_INFORMATION PROVIDED_.
________
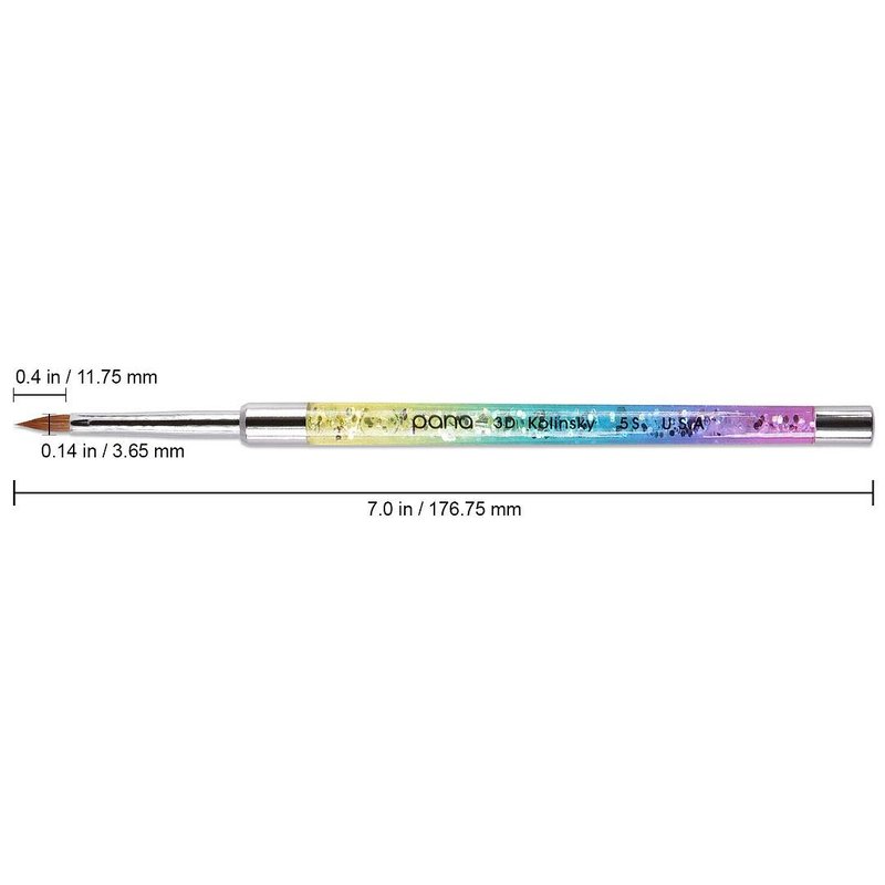 PANA 3D Kolinsky Nail Art Brush - Rainbow Glitter Handle, Size 5 - Acrylic Nail Art Sculpture Brush for Manicures Pedicure Salon Professional or Beginner
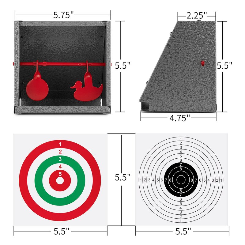 - 🎯 CONVENIENT TO USE: Overall size:5.75"(W) X 5.5"(H) X 4.75"(D), Weight:1.6lb. GearOZ airsoft target offers a compact and portable solution for your shooting practice. It's lightweight and easy to carry/set up wherever you go. You can quickly assemble the pellet trap in approximately 10 seconds, ensuring that you can start your shooting practice without any delays.
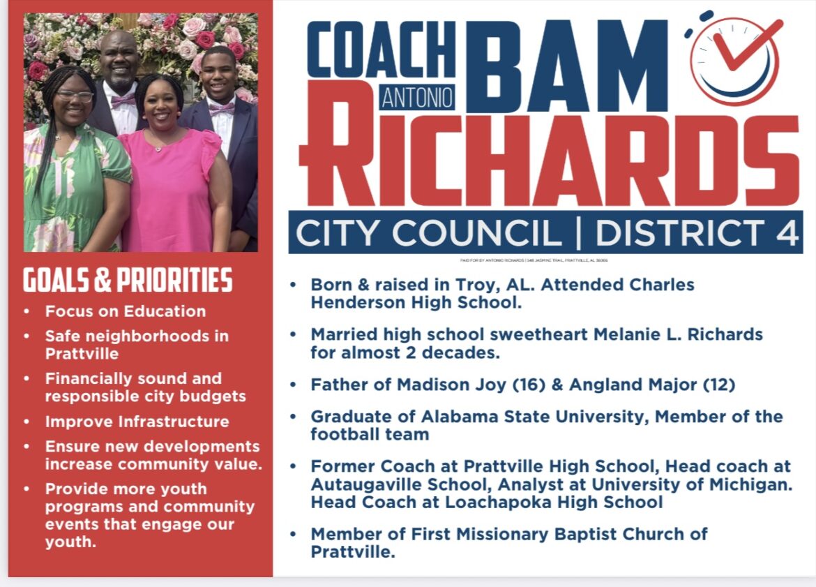 Antonio “Bam” Richards was born on July 4, 1980 in Troy, AL. He is a product of Troy City Schools. He graduated from Charles Henderson High School in 1998. He played on the football team. He made All-State his senior year. He later pursued his career at Alabama State University. He played football for Alabama State. He made All-Swac his senior year. He earned his Bachelor of Science Degree in Physical Education. He has a Masters Degree in Educational Leadership from Alabama State University.
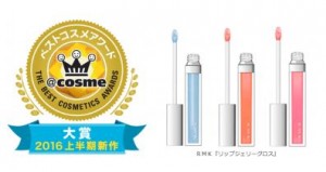 (株)アイスタイルがこのほど発表した「@cosmeベストコスメアワード2016上半期新作ベストコスメ」で、RMK『リップジェリーグロス』(RMK Division)が大賞を受賞した。 「上半期...
________
_AIM OF THE EXERCISE_.
Return the listing above word for word, with the pictures removed.

_SOLUTION TO THE PROBLEM_.
 PANA 3D Kolinsky Nail Art Brush - Rainbow Glitter Handle, Size 5 - Acrylic Nail Art Sculpture Brush for Manicures Pedicure Salon Professional or Beginner
 - 🎯 CONVENIENT TO USE: Overall size:5.75"(W) X 5.5"(H) X 4.75"(D), Weight:1.6lb. GearOZ airsoft target offers a compact and portable solution for your shooting practice. It's lightweight and easy to carry/set up wherever you go. You can quickly assemble the pellet trap in approximately 10 seconds, ensuring that you can start your shooting practice without any delays.
 Antonio “Bam” Richards was born on July 4, 1980 in Troy, AL. He is a product of Troy City Schools. He graduated from Charles Henderson High School in 1998. He played on the football team. He made All-State his senior year. He later pursued his career at Alabama State University. He played football for Alabama State. He made All-Swac his senior year. He earned his Bachelor of Science Degree in Physical Education. He has a Masters Degree in Educational Leadership from Alabama State University.
 (株)アイスタイルがこのほど発表した「@cosmeベストコスメアワード2016上半期新作ベストコスメ」で、RMK『リップジェリーグロス』(RMK Division)が大賞を受賞した。 「上半期...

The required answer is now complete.